Variable rate reverse repo auctions indicate monetary tightening, say analysts

The decision of Reserve Bank India (RBI) to conduct four variable rate reverse repo (VRRR) auctions to absorb excess liquidity from the banking system could be the beginning of its imminent exit from unconventional monetary easing, said bankers and analysts.

“The RBI policy is pragmatic and strikes a fine balance between stance and strategy. While the policy stance continues to be accommodative to continuously support growth, a strategy of careful recalibration of liquidity management is clearly indicated with the roll-out of VRRR,” said State Bank of India Chairman Dinesh Kumar Khara.

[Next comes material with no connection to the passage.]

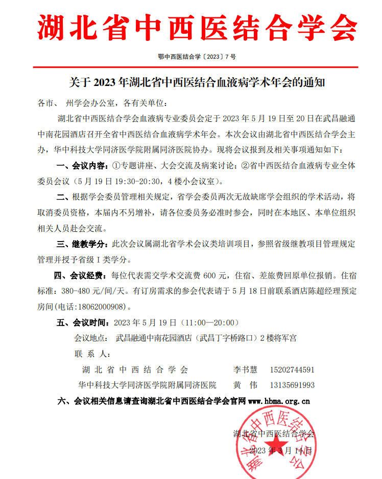 日前,湖北省醫(yī)學(xué)會(huì)發(fā)布了關(guān)于2023年湖北省中西醫(yī)結(jié)合血液病學(xué)術(shù)年會(huì)的通知,為方便大家了解,醫(yī)學(xué)教育網(wǎng)小編特意收集整理了如下內(nèi)容,歡迎查看!
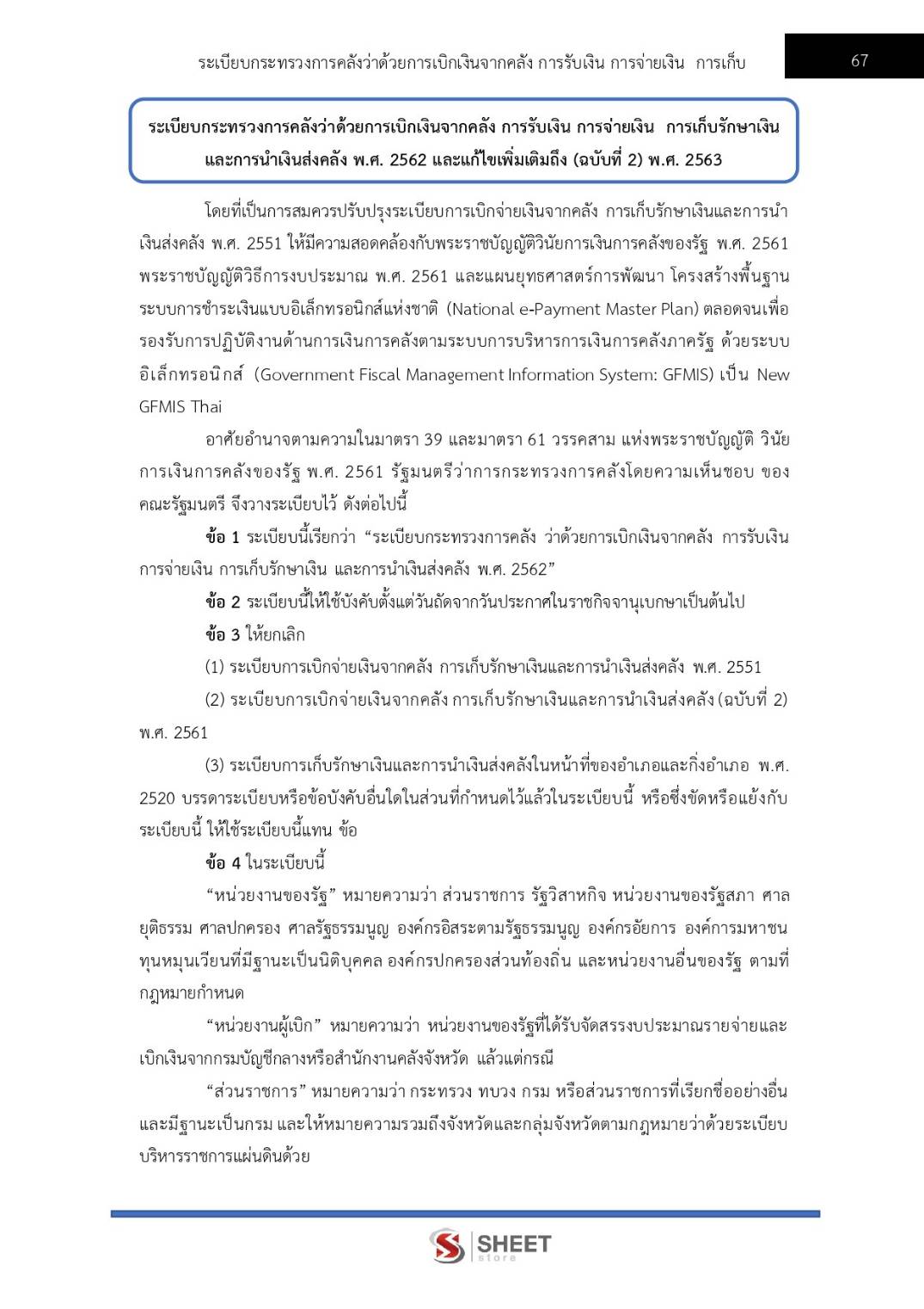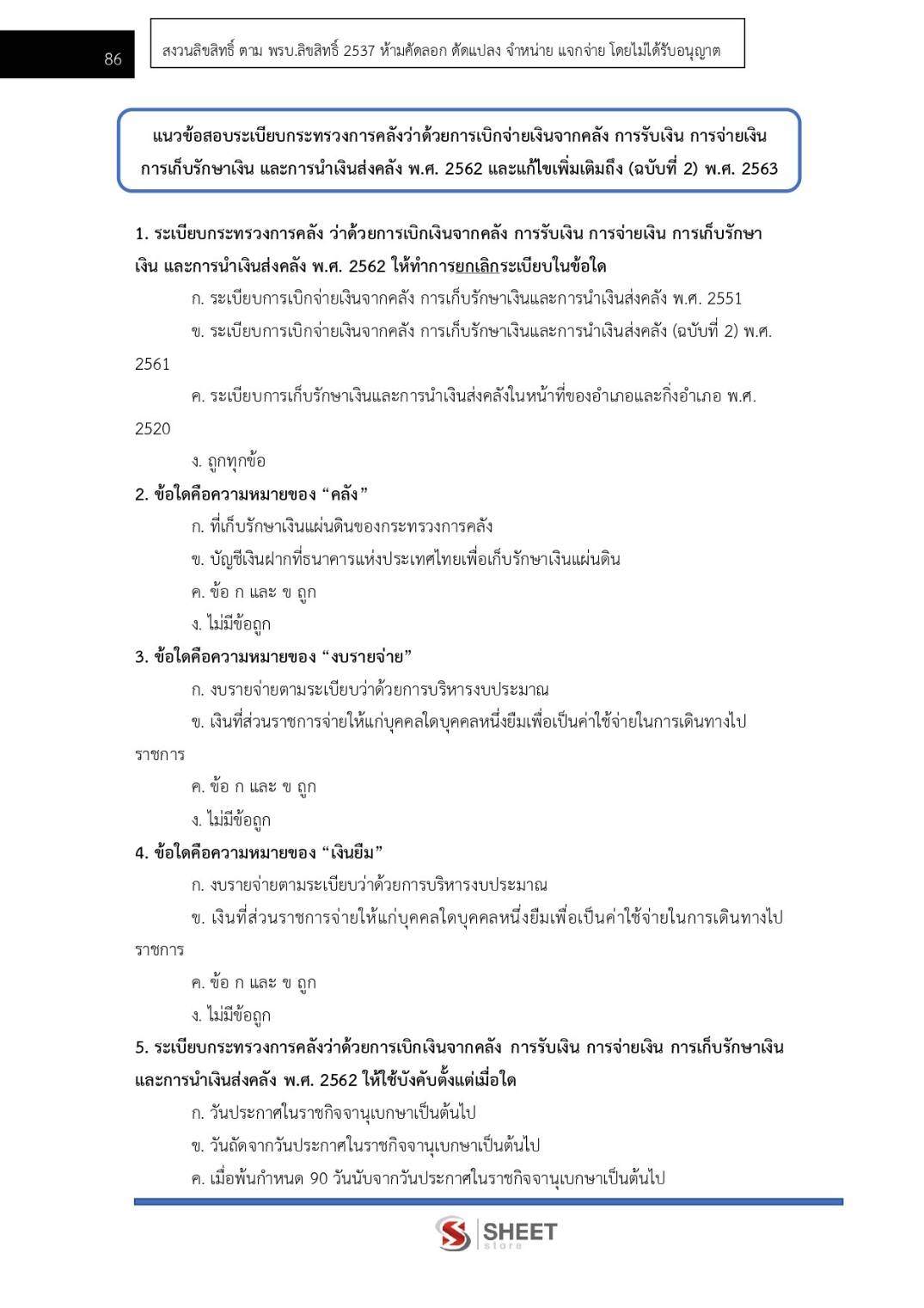 – แนวข้อสอบระเบียบกระทรวงการคลังว่าด้วยการเบิกเงินจากคลัง การรับเงิน การจ่ายเงิน การเก็บรักษาเงินและการนำเงินส่งคลัง พ.ศ. 2562 และที่แก้ไขเพิ่มเติมถึง (ฉบับที่ 2) พ.ศ. 2563

“The policy has also nudged banks to shift to an alternate reference rate with the discontinuation of LIBOR. The extension of on-tap TLTRO scheme and the deferral of deadline for meeting the operational parameters for stressed entities will help corporates navigate through the pandemic with a degree of certainty,” he added.

Crisil said RBI’s announcement of greater absorption of surplus liquidity through VRRR operations “could be read as the beginning of its imminent exit from unconventional monetary easing.”

The agency said the RBI had reiterated its support to economic recovery as of now by maintaining low rates and conducive financial conditions. “However, with growth expected to gain momentum in the second half of this fiscal, and inflation remaining elevated, we expect monetary policy to tighten in the coming months,” Crisil said.

“The U.S. Federal Reserve is also expected to begin tapering bond purchases by end-2021, further reducing scope for the RBI to continue its present policy stance. We therefore, expect a hike in repo rate by 25 basis points (bps) by end-fiscal 2022,” it added.

Uday Shankar, president, FICCI, said the RBI’s decision to continue with the accommodative stance, until necessary, to revive growth, was comforting when there was an expectation about the normalisation of the monetary policy.

“The central bank has thoughtfully navigated the monetary policy through the pandemic. We are confident that the same thoughtfulness will continue in the future, especially in view of an anticipated third wave and the continuing softness in the economy,” he said.

“On the economic front, despite the uptick, we believe that it is important that a stimulus is provided by the government to give a thrust to consumption. The timing of such measures will be apt at this juncture as the festive season is about to begin,” he added.